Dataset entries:
════════

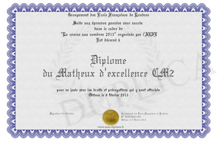 Envoyez par email votre Diplôme du Matheux d'excellence CM2 personalisé
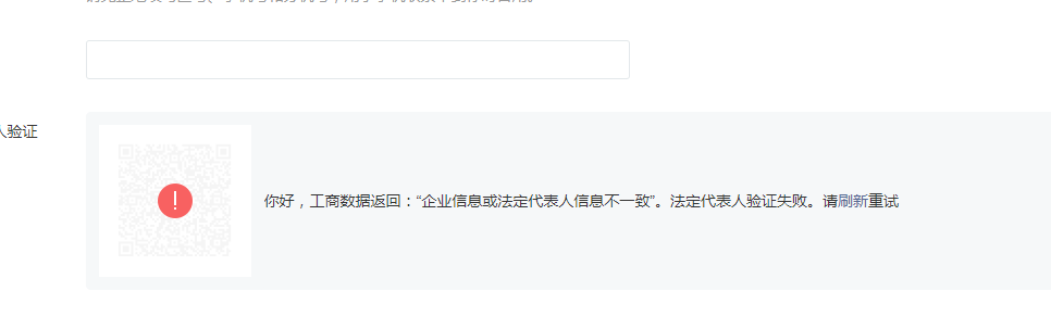 你好,核查发现填写的主体名称与营业执照上的主体名称不一致,故法人验证失败。请严格按照营业执照的主体名称填写。
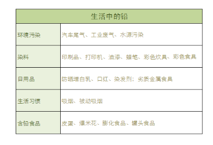 据李雪丹介绍,铅是现代工业社会的必然产物,无处不在。比如平常装修时使用的各种油漆,铅的含量比较高。另外,铅还存在于各种金属物品中,如新房子里面长期不用的水管里的水,工地扬尘,马路边上的汽车尾气等等都是可能摄入铅的原因。
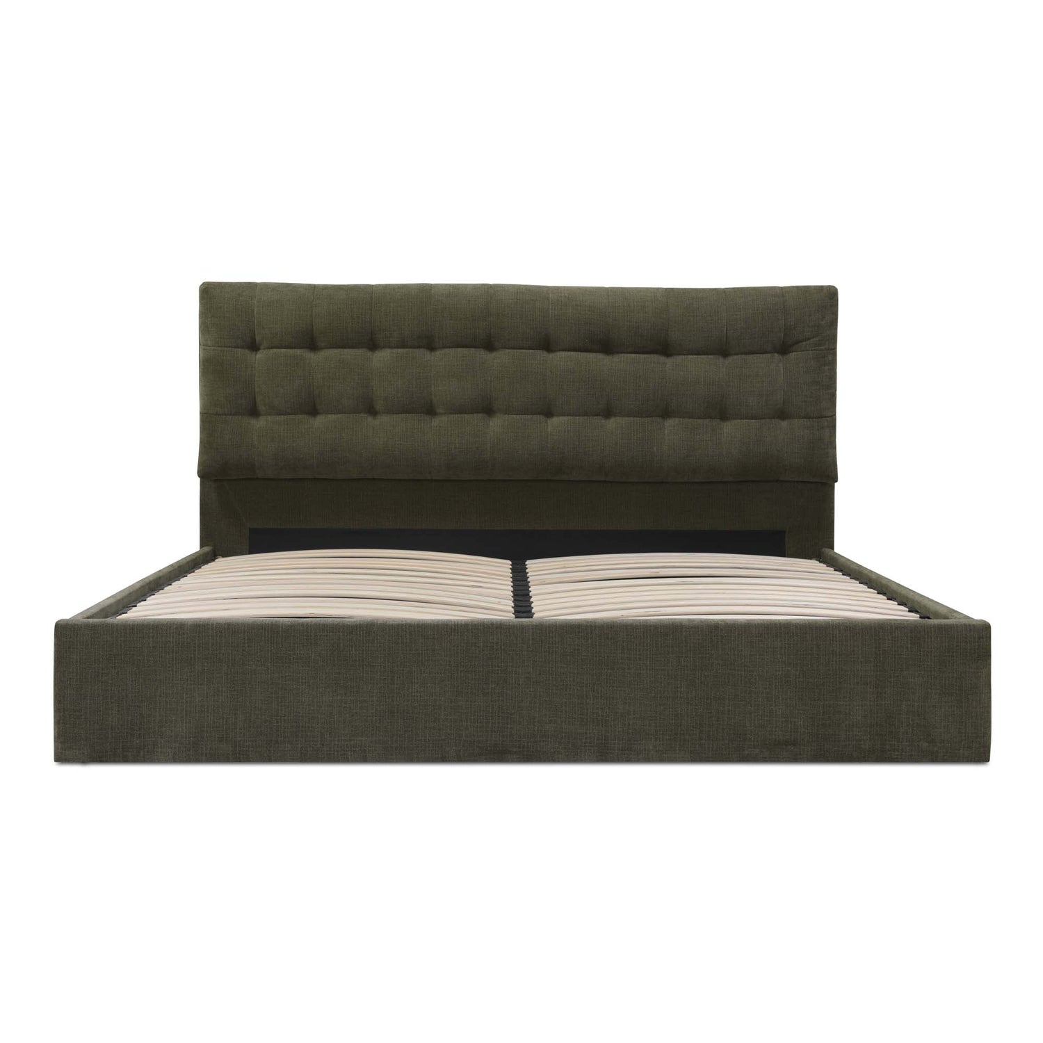 - Pillow-like double-layered headboard with tufted second layer & hydraulic lift storage
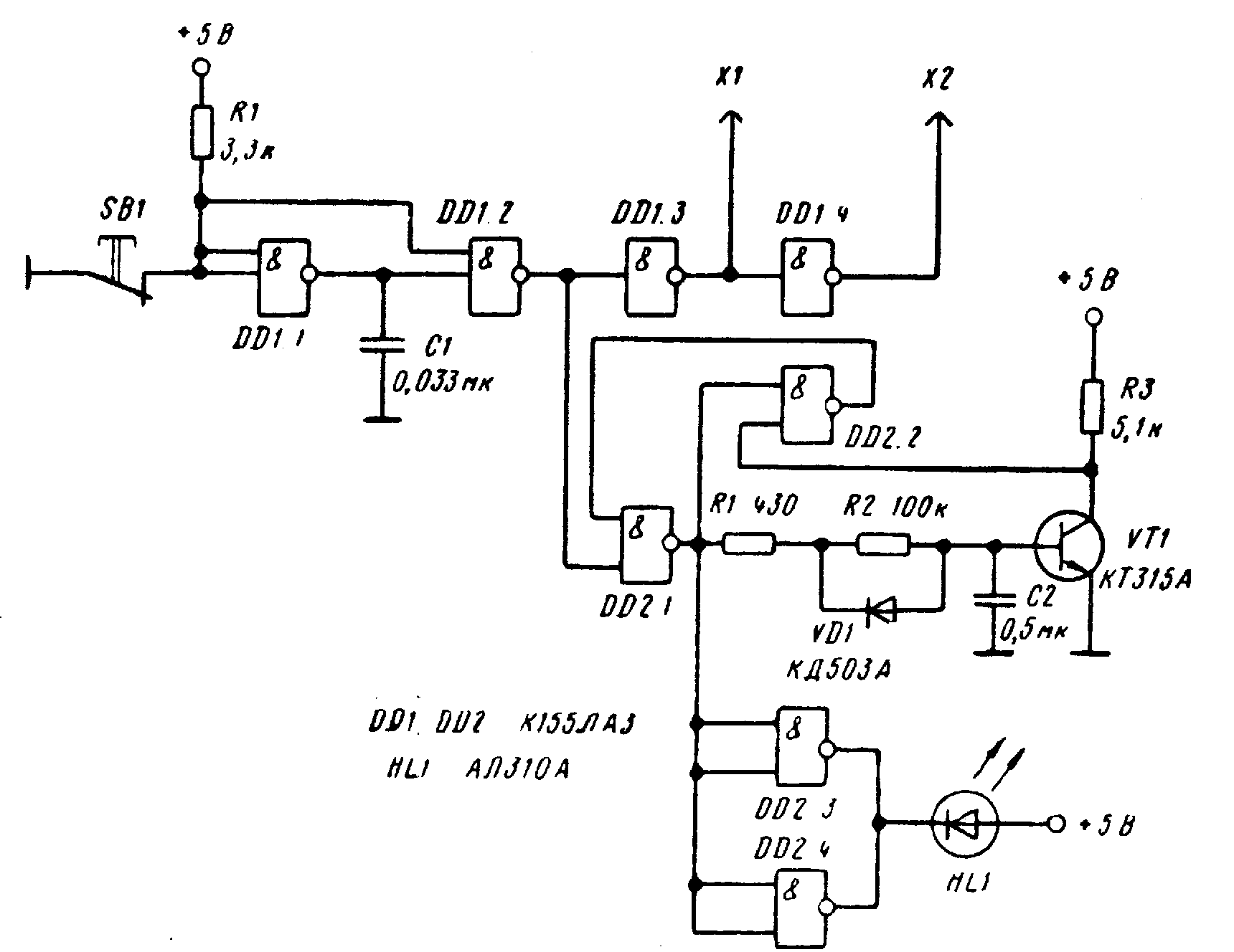 Одночасно з пострілом включається в роботу вузол А9 (рис. 29). На його вході стоїть мультивібратор, виконаний на елементах DD1.1 i DD1.2. Запускається він імпульсом, який формують динамічні головки.
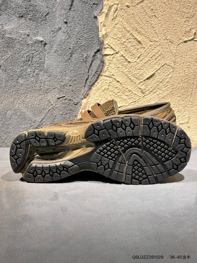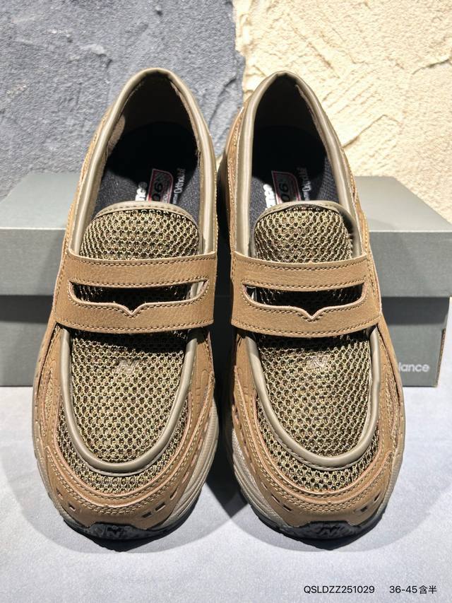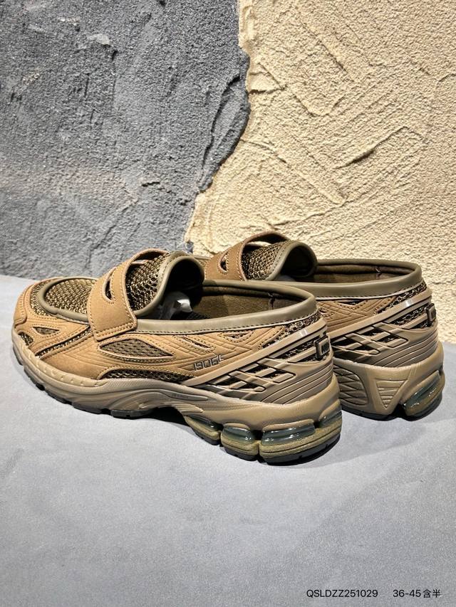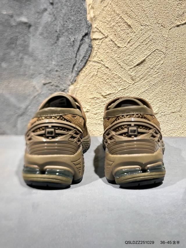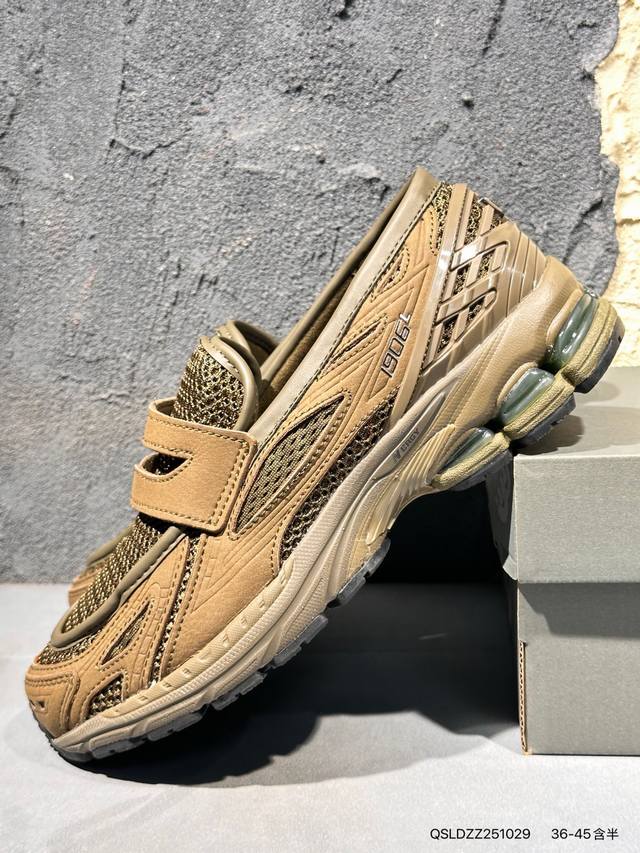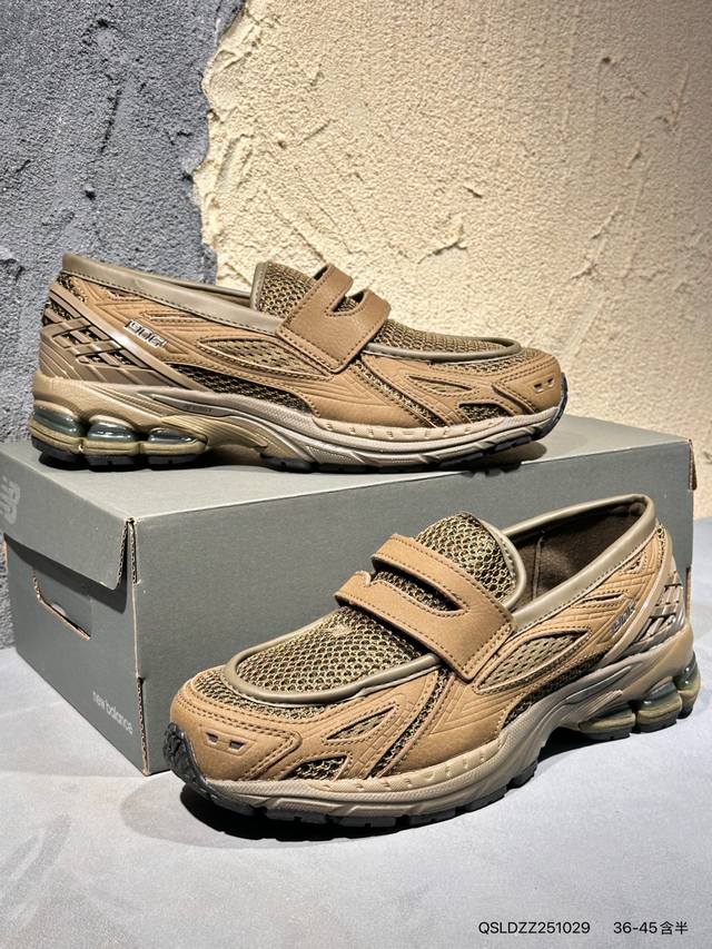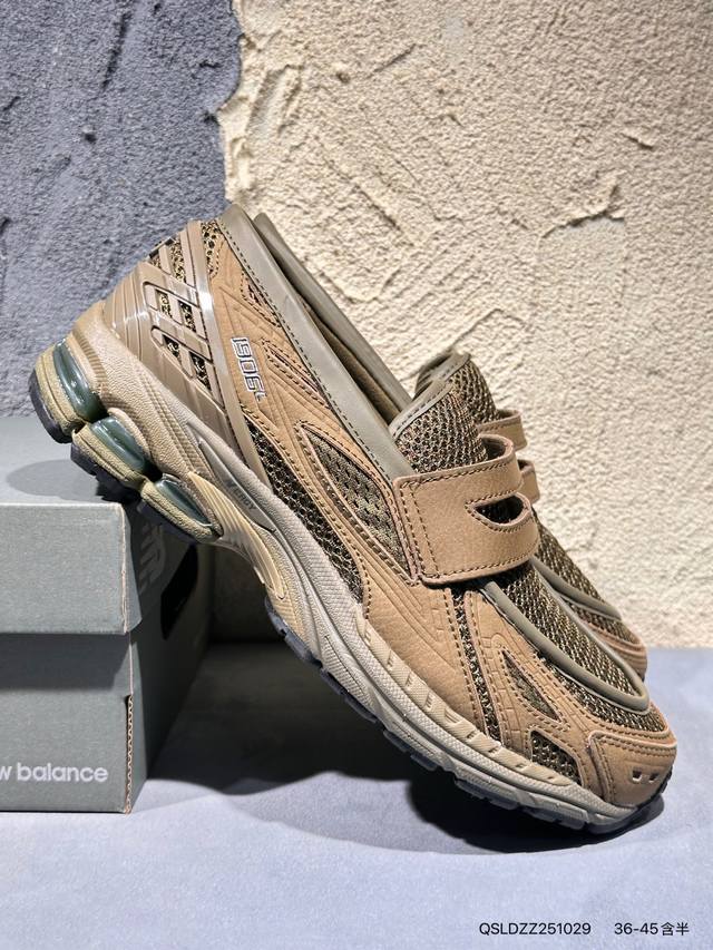 New Balance Warped Runner Uwrpomob Retro Casual Running Shoes. Distressed and aged design for stable gait. T-Beam outsole provides arch support, deconstructed leather. Paved fabric upper, exposed cushioning gel at the heel, and breathable mesh combined with fiber leather.
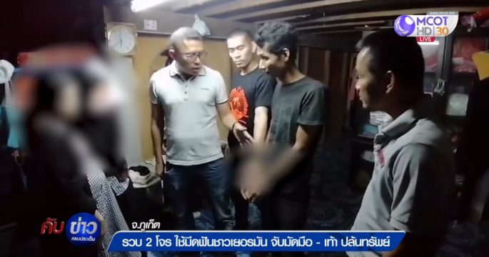 ตำรวจภูเก็ตคุมตัว 2 ผู้ต้องหาลงมือก่อเหตุใช้มีดฟันแขนชาวเยอรมันภายในบ้านพัก ก่อนปล้นทรัพย์หลบหนีได้แล้ววันนี้ หลังผู้ต้องหาหนีไปกบดานอยู่ที่สตูล

════════

» **Action item**
Reproduce exactly, with every picture left out, the lines from the one that contains "据李雪丹介绍,铅是现代工业社" to the final line of the records above.

» **Answer to the exercise**
 据李雪丹介绍,铅是现代工业社会的必然产物,无处不在。比如平常装修时使用的各种油漆,铅的含量比较高。另外,铅还存在于各种金属物品中,如新房子里面长期不用的水管里的水,工地扬尘,马路边上的汽车尾气等等都是可能摄入铅的原因。
 - Pillow-like double-layered headboard with tufted second layer & hydraulic lift storage
 Одночасно з пострілом включається в роботу вузол А9 (рис. 29). На його вході стоїть мультивібратор, виконаний на елементах DD1.1 i DD1.2. Запускається він імпульсом, який формують динамічні головки.
 New Balance Warped Runner Uwrpomob Retro Casual Running Shoes. Distressed and aged design for stable gait. T-Beam outsole provides arch support, deconstructed leather. Paved fabric upper, exposed cushioning gel at the heel, and breathable mesh combined with fiber leather.
 ตำรวจภูเก็ตคุมตัว 2 ผู้ต้องหาลงมือก่อเหตุใช้มีดฟันแขนชาวเยอรมันภายในบ้านพัก ก่อนปล้นทรัพย์หลบหนีได้แล้ววันนี้ หลังผู้ต้องหาหนีไปกบดานอยู่ที่สตูล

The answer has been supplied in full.